Competitive Edge Huron occupies a strong niche position in the consulting world by focusing on complex, highly regulated sectors such as healthcare, higher education, and selected areas of financial services and industry. Its edge comes from deep domain expertise, long‑standing client relationships, and the ability to combine strategy, operations, and technology in one offering. The firm has reinforced this niche through targeted acquisitions that extend its capabilities in revenue cycle management, supply chain, complexity management, and risk and compliance.

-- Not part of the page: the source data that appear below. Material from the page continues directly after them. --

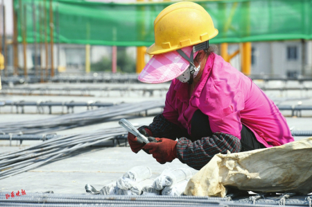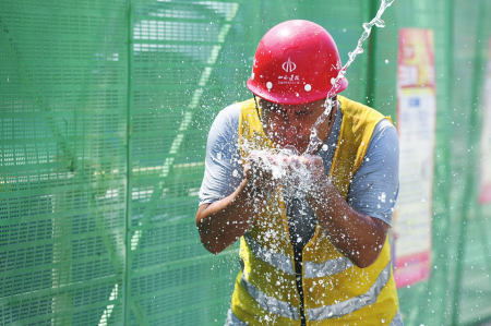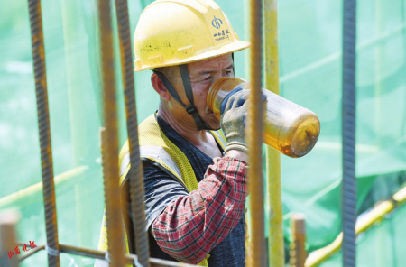 當(dāng)日,是入伏第一天,意味著開(kāi)始進(jìn)入一年中最熱的時(shí)候。在熱火朝天的施工現(xiàn)場(chǎng),工人師傅們埋頭苦干,他們雖然戴著自制遮陽(yáng)帽、冰袖,身旁放著水壺,但一小會(huì)兒工夫就會(huì)汗流浹背?!斑@樣的杯子,我每天要喝好幾杯水。”天氣太熱,來(lái)自四川樂(lè)山的林英把杯子里的水一飲而盡。黝黑的皮膚、如雨的汗水、潮濕的后背……當(dāng)大多數(shù)人避暑納涼時(shí),不少勞動(dòng)者卻辛勤地?fù)]灑著汗水,堅(jiān)守在施工一線。在這個(gè)工地上,有很多和林英一樣的打工人,他們來(lái)自全國(guó)各地,用青春和汗水建設(shè)美麗山西。
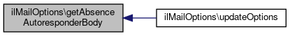 Here is the call graph for this function:| ilMailOptions::getAbsenceAutoresponderBody | ( | ) |
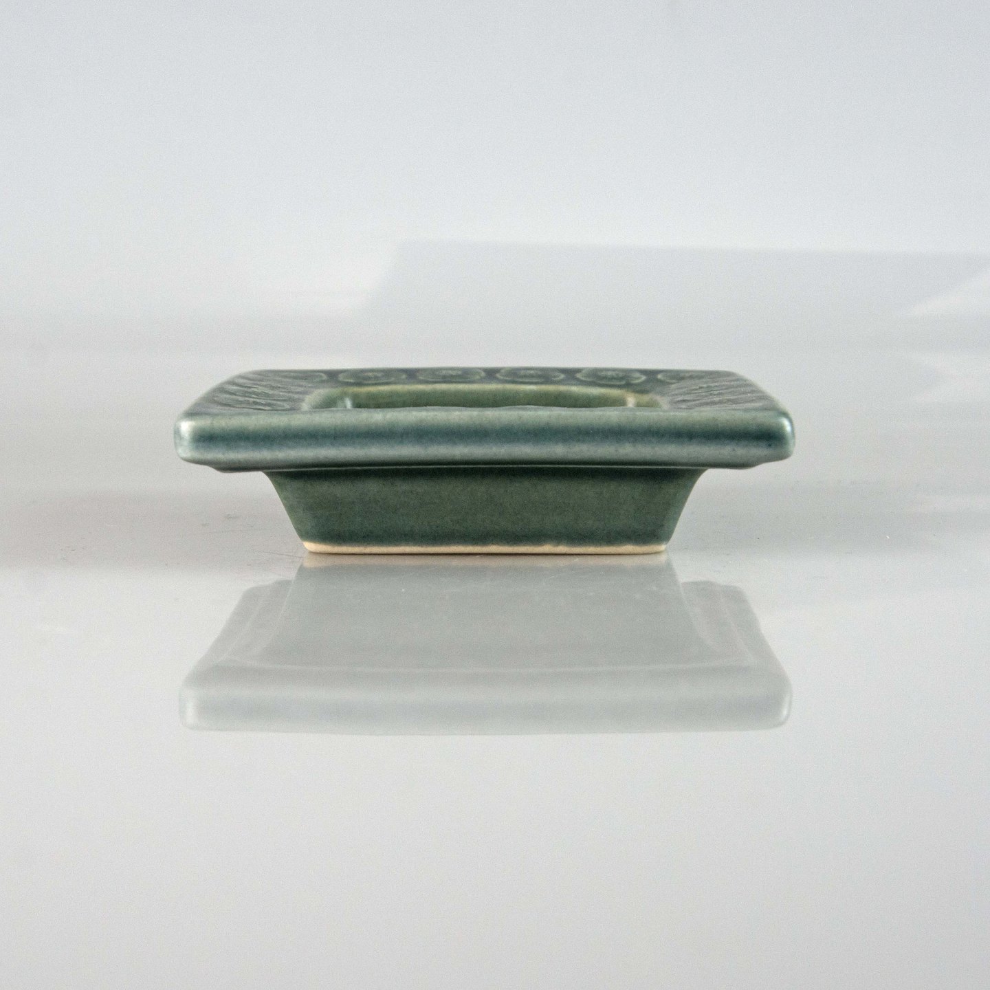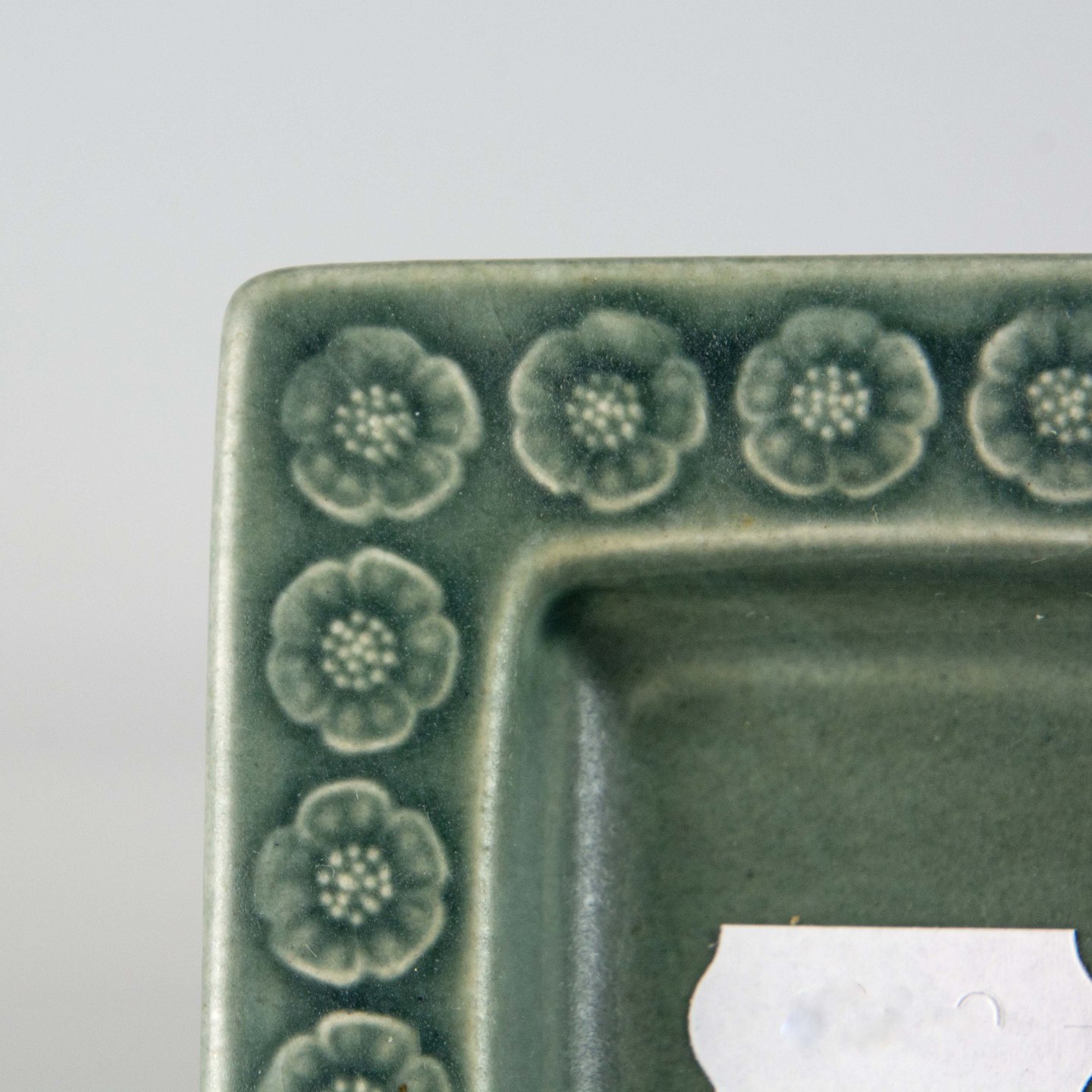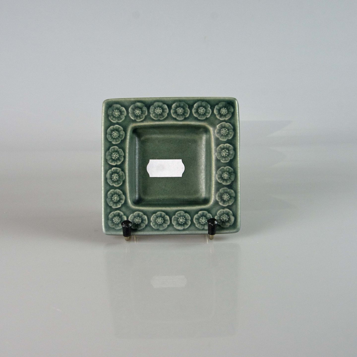 Stel i blågrøn stentøj med blomster motiver.

Clients tend to be sticky because once Huron’s tools and processes are embedded, switching costs rise. The main competitive risks are intense competition from larger global consultancies, pressure on consulting budgets when economic conditions soften, and the execution risk inherent in integrating multiple acquisitions into a single “One Huron” platform.


Innovation and R&D

Innovation and R&D Innovation at Huron is centered on proprietary software, data platforms, and industry‑specific methodologies rather than classic lab R&D. Tools like the Huron Research Suite and Huron Intelligence™ give it recurring, technology‑enabled relationships in education and healthcare, while proprietary “accelerators” help speed and standardize implementations in financial planning and other functions. Recent deals have also brought in specialized frameworks for managing organizational complexity and regulatory risk. The company is pushing toward a more integrated digital platform and increasing the use of AI and automation in its solutions. The opportunity is to deepen recurring, tech‑enabled revenue streams; the risk is that technology moves quickly, so Huron must keep investing to keep these tools distinctive versus both software vendors and rival consultancies.


Summary

Huron shows a clear story of growth and margin improvement, moving from loss‑making earlier in the period to solid profitability and stronger cash flow today. The balance sheet supports this growth but with rising leverage and relatively thin cash, which calls for disciplined capital allocation and careful integration of acquisitions. Strategically, Huron’s focus on complex, regulated sectors and its blend of consulting with proprietary software and data platforms give it a defensible position and potential for higher‑quality, recurring work. Future performance will hinge on maintaining demand in its core healthcare and education markets, successfully expanding into commercial and financial services, keeping its digital and AI offerings competitive, and managing debt and acquisition integration without diluting the strengths of its specialized, high‑touch model.